In the race day packet runDisney provides, they typically recommend arriving to corrals something like an hour or more in advance. This is crazy unless you’re in the first corral. For those in the middle of the pack or later, you can safely stroll up to your corral at the last minute, after the official start time.

Don’t freak out if you’re running late or get caught in traffic–the late corrals start over an hour after the first ones, so you’re not going to “miss” the race. Your personal “clock” doesn’t start to tick until you cross the start line, and while it’s best to be in an earlier corral (shorter lines for characters, lighter crowds, etc.) you can start from a corral later than your assigned corral (but not earlier) without issue.

In my experience, people tend to freak out about punctuality with runDisney events, arriving way too early and standing around way too long.
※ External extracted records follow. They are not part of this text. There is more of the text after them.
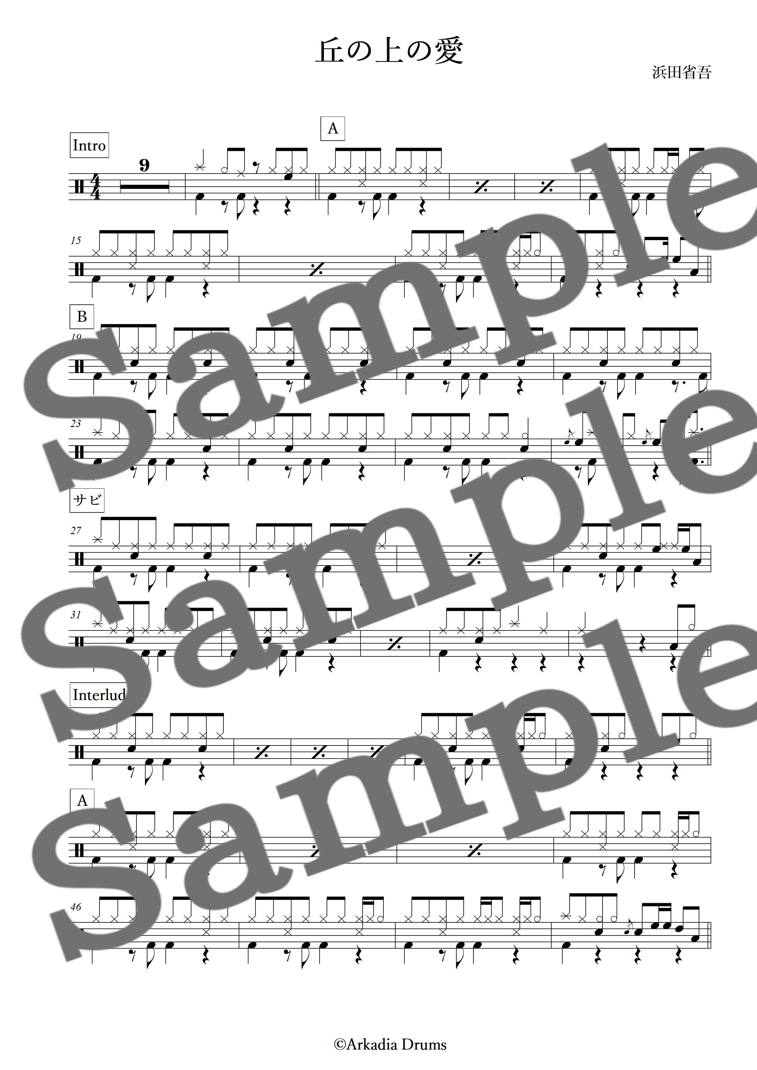 丘の上の愛(浜田省吾)のドラム楽譜です。
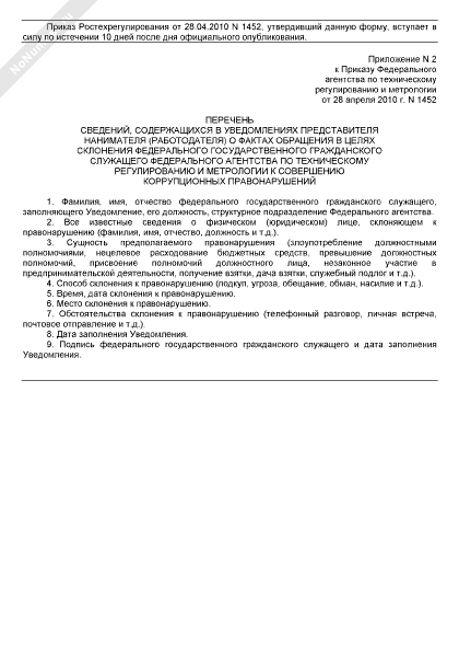 - 910Перечень сведений, содержащихся в уведомлениях представителя нанимателя (работодателя) о фактах обращения в целях склонения федерального государственного гражданского служащего Федерального агентства по техническому регулированию и метрологии к совершению коррупционных правонарушений
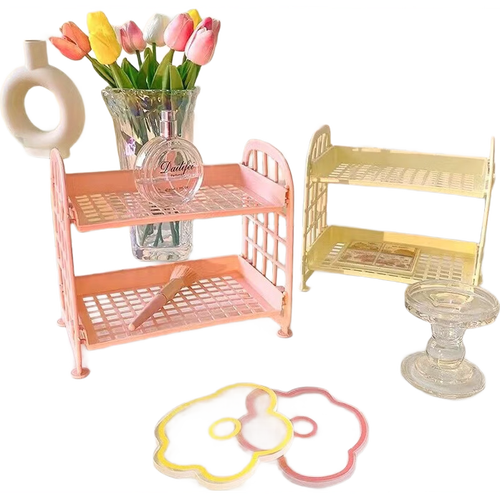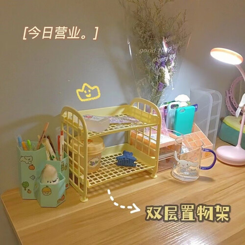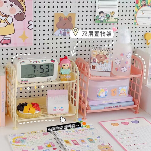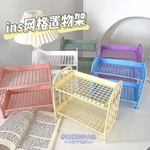 日系桌面双层收纳架学生宿舍化妆品置物架办公室桌上多层整理架子 随机颜色两个 无规格
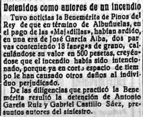 3 de julio de 1928. Detenidos en Pinos del Valle acusados de
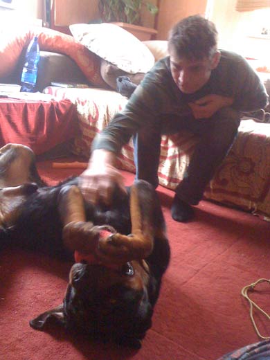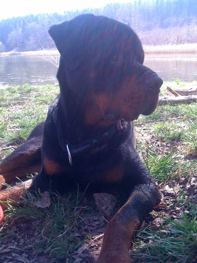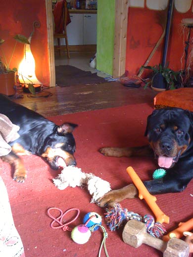 Meine Familie ist mir Mir Umgezogen,ich wohne jetzt in Bermatingen und bewache mit meinem Mädel ein großes Bauernhaus von 300m2 habe ein eigenes Sofa(kuschel aber am liebsten mit Frauchen auf ihrem.. haha)Wir haben mitlerweile soviele Spielsachen das ich nicht mehr darum kämpfen muß. Auch Essen und Knochen haben wir im Überfluß also lass ich sie einfach rumliegen, es ist schon ok, wenn meine Freundin Kira sie frißt ,Frauchen hat immer einen neuen für mich. Ich darf hier auch immer ohne Leine laufen weil ich soooo brav bin sie sagen dazu" lieb sein " das heißt Tieren und Menschen anwedel das bringt sie zum lächeln und siee wollen mit mir spielen(hab für Frauchen sogar" Katzen fressen" aufgegeben,warum sie die Viecher mag weis ich nicht,ist ihr aber wichtig..).
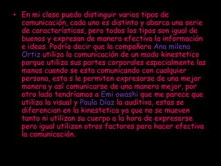 El documento describe tres tipos principales de comunicación - visual, auditiva y kinestésica. Explica que cada persona tiende a usar un estilo en particular, como Ana Milena Ortiz que usa la comunicación kinestésica a través de gestos con las manos. También sugiere regalos apropiados para cada estilo, como gafas o libros para los visuales y instrumentos musicales para los auditivos. Finalmente, clasifica algunos ejemplos como el noticiero (visual), hablar con un amigo (kinestésico) y una conferencia (auditiva).
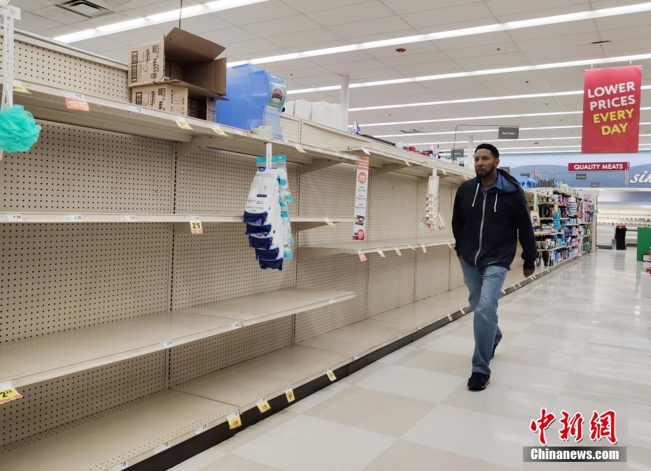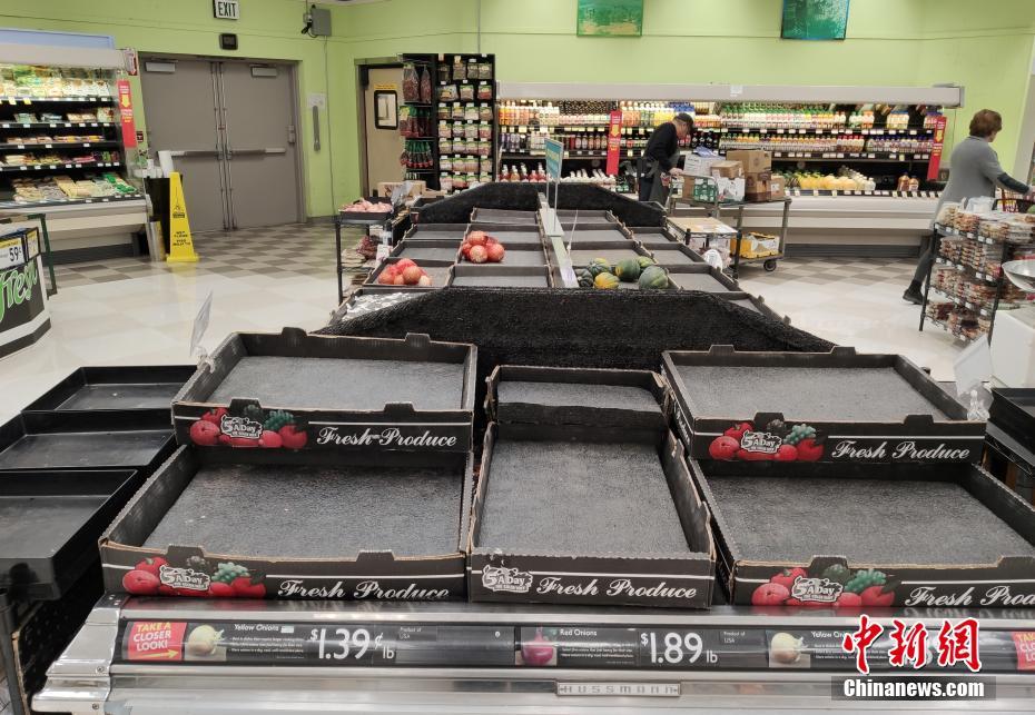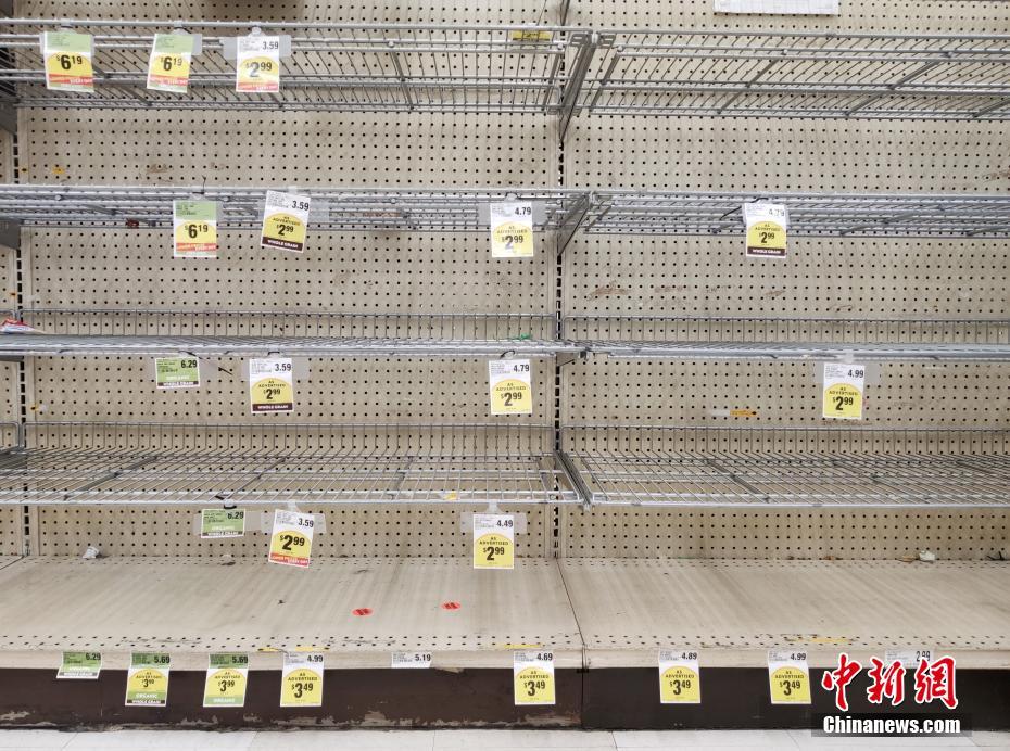 当地时间3月17日,美国旧金山湾区圣马特奥县一家超市的多种商品供不应求。美国旧金山湾区6个县当地时间16日宣布实施出行禁令,从17日开始,要求居民在接下来的三个星期内尽可能留在家中,并与他人保持一定距离。中新社记者 刘关关 摄

This is asinine, and I don’t know why this advice (which I followed for my first couple of events) is so widespread. I have yet to hear a single story of someone missing a race because they got caught in traffic.

The most important piece of runDisney etiquette that I can share is that you make every effort you can to be polite to–and thank–the volunteers and spectators along the course. The unpaid volunteers handing out water along the course are cheerful and encouraging to runners, and deserve not only respect but kudos along the way.

When you’re passing the water stations, yell out “thank you, volunteers” or something of the sort. As you pass by youth groups that came out to perform, smile, wave, give high fives, etc. A little goes a long ways in helping these wonderful folks show that you appreciate them. They took time out of their schedules and are a huge part of what gives runDisney races such a positive energy. Being drained from the run or spending a lot of money on registration is no excuse for manners to go out the window.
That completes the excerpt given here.